We demonstrate the effectiveness of our framework in inferring Langevin equations for various scenarios including a neuron model and microscopic engine.
- Score: 4.604003661048267
- License: http://arxiv.org/licenses/nonexclusive-distrib/1.0/
- Abstract: Pervasive across diverse domains, stochastic systems exhibit fluctuations in
processes ranging from molecular dynamics to climate phenomena. The Langevin
equation has served as a common mathematical model for studying such systems,
enabling predictions of their temporal evolution and analyses of thermodynamic
quantities, including absorbed heat, work done on the system, and entropy
production. However, inferring the Langevin equation from observed trajectories
remains challenging, particularly for nonlinear and high-dimensional systems.

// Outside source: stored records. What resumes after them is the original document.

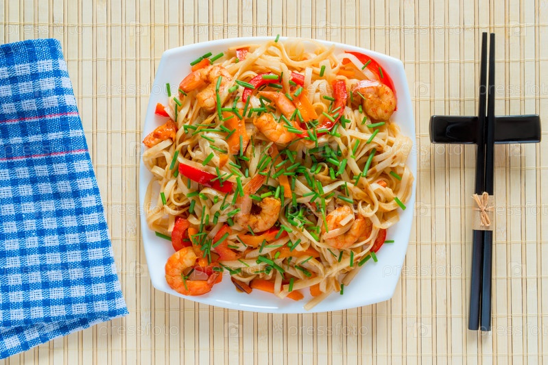 Вид сверху тарелку макарон и креветки
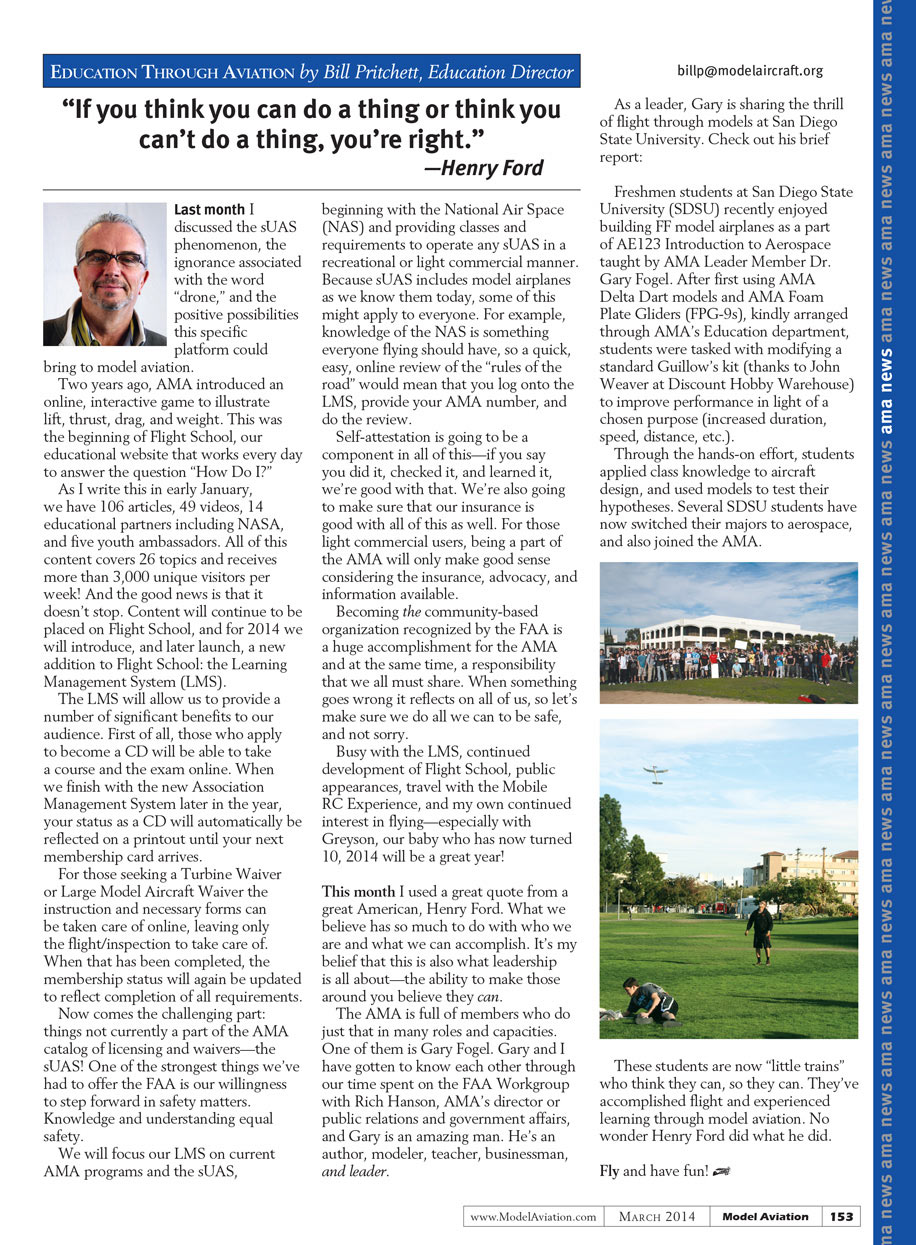 As a leader, Gary is sharing the thrill of flight through models at San Diego State University. Check his brief report:
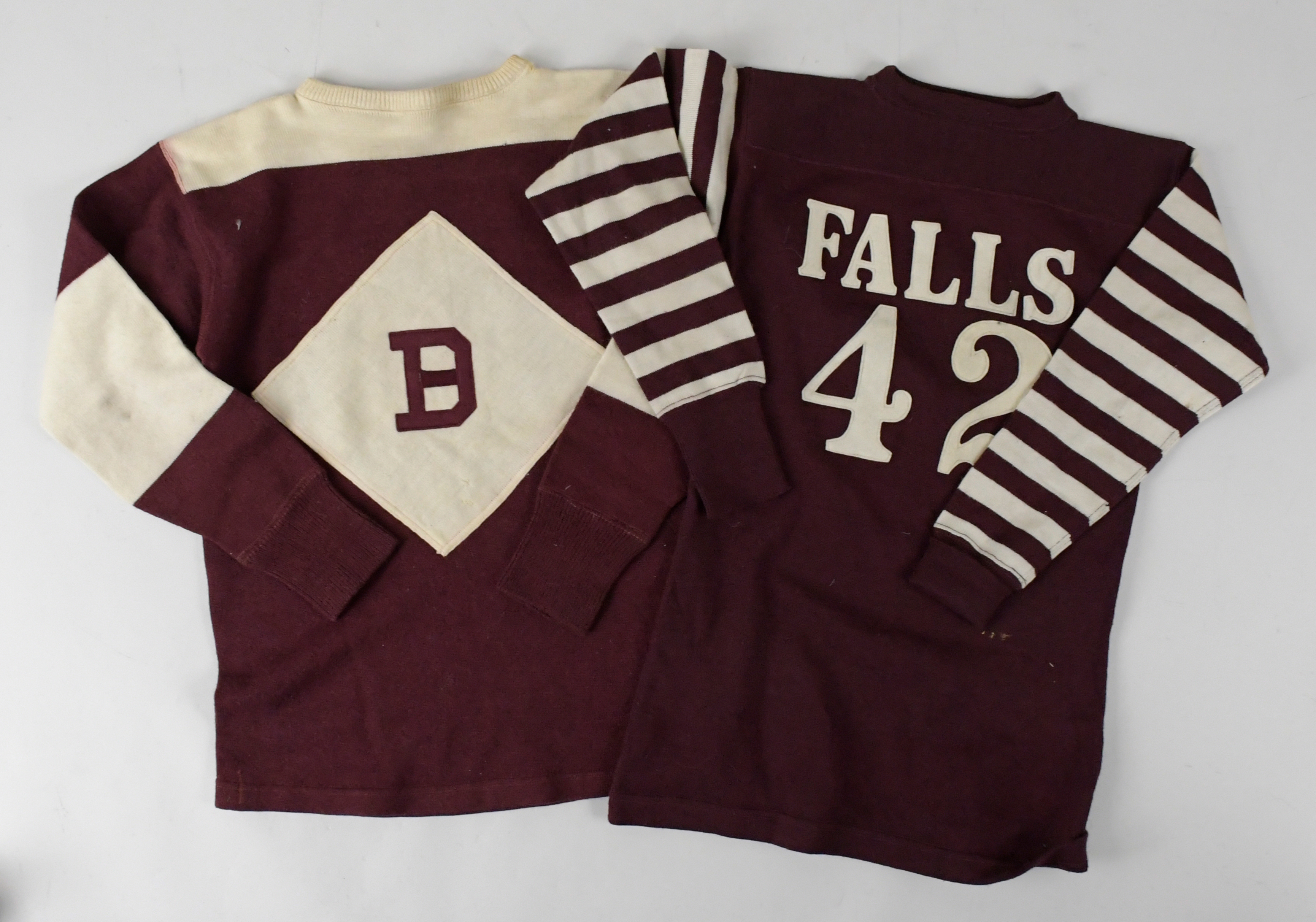 Description:Lot of (2) vintage football jerseys, c.1920s-30s (EX-EX/MT). Includes a Champion Knitwear Mills maroon/white "B" jersey with #65 on the back, and Favorite Knitting Mills maroon/white "BC" jersey with "FALLS" and #42 on the back: EX-EX/MT
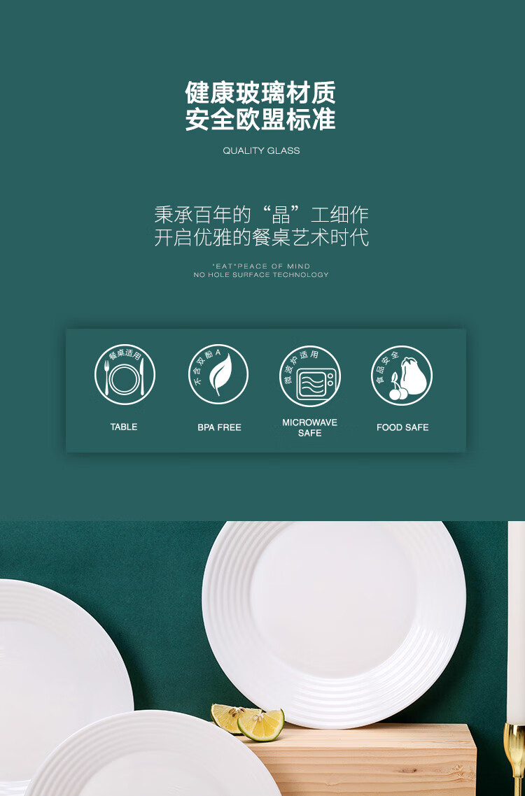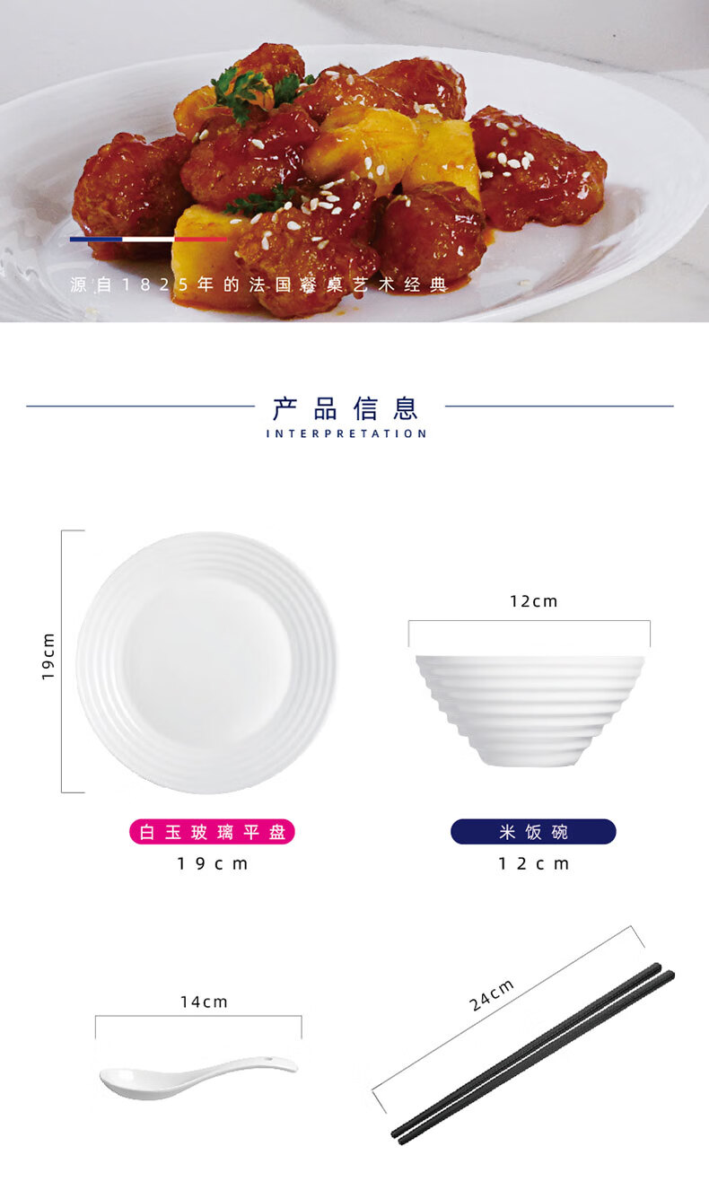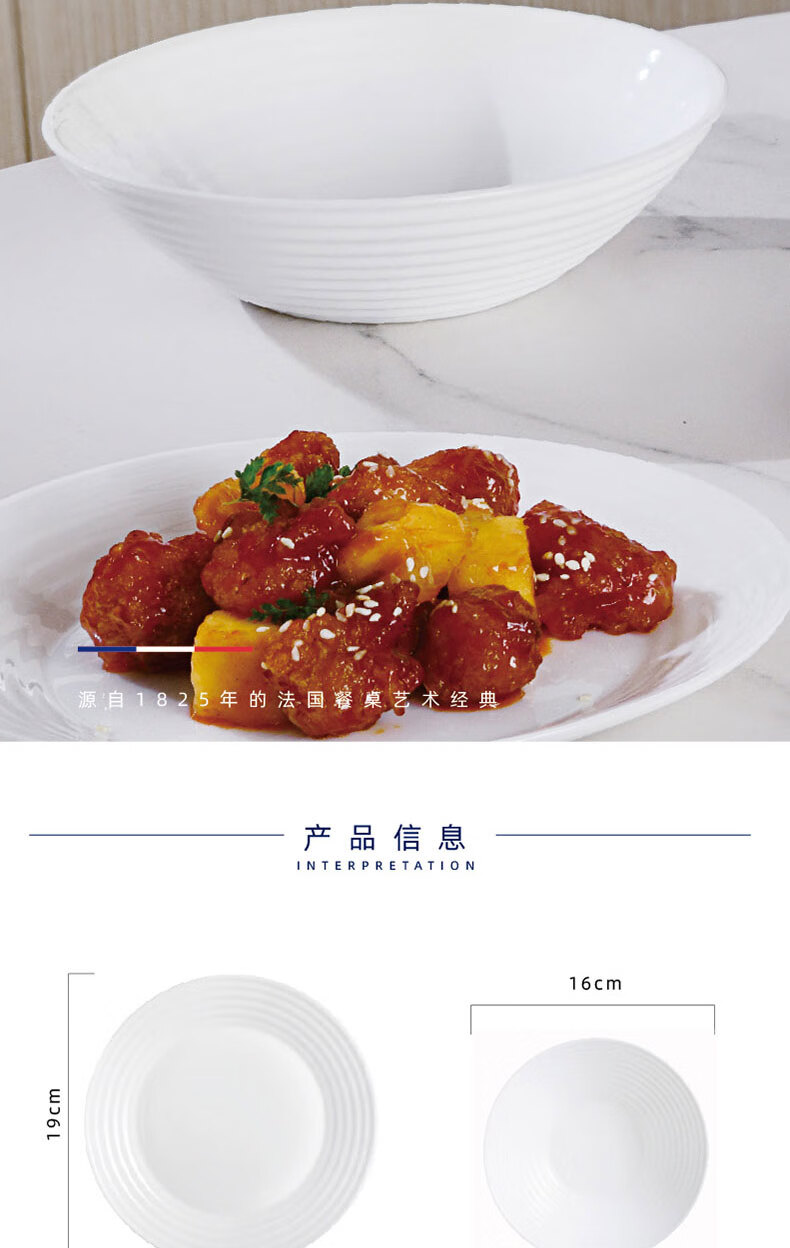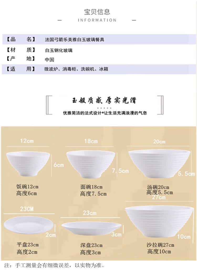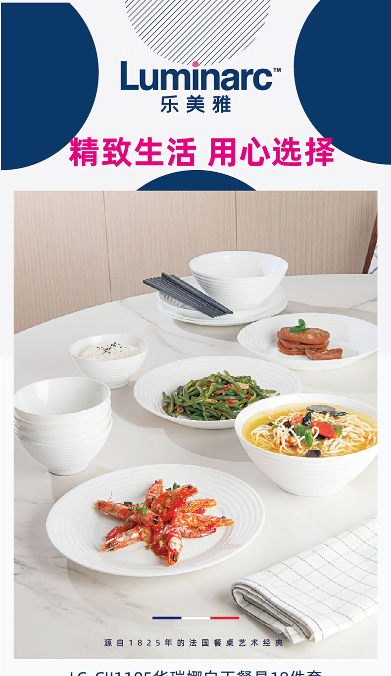 乐美雅(Luminarc)餐具华瑞娜套装家用无铅白玉玻璃耐高温饭面汤碗餐盘微波炉适用 LC-CJJ1101华瑞娜白玉餐具8件套

In this study, we present a comprehensive framework that employs Bayesian
neural networks for inferring Langevin equations in both overdamped and
underdamped regimes. Our framework first provides the drift force and diffusion
matrix separately and then combines them to construct the Langevin equation. By
providing a distribution of predictions instead of a single value, our approach
allows us to assess prediction uncertainties, which can prevent potential
misunderstandings and erroneous decisions about the system. We demonstrate the
effectiveness of our framework in inferring Langevin equations for various
scenarios including a neuron model and microscopic engine, highlighting its
versatility and potential impact.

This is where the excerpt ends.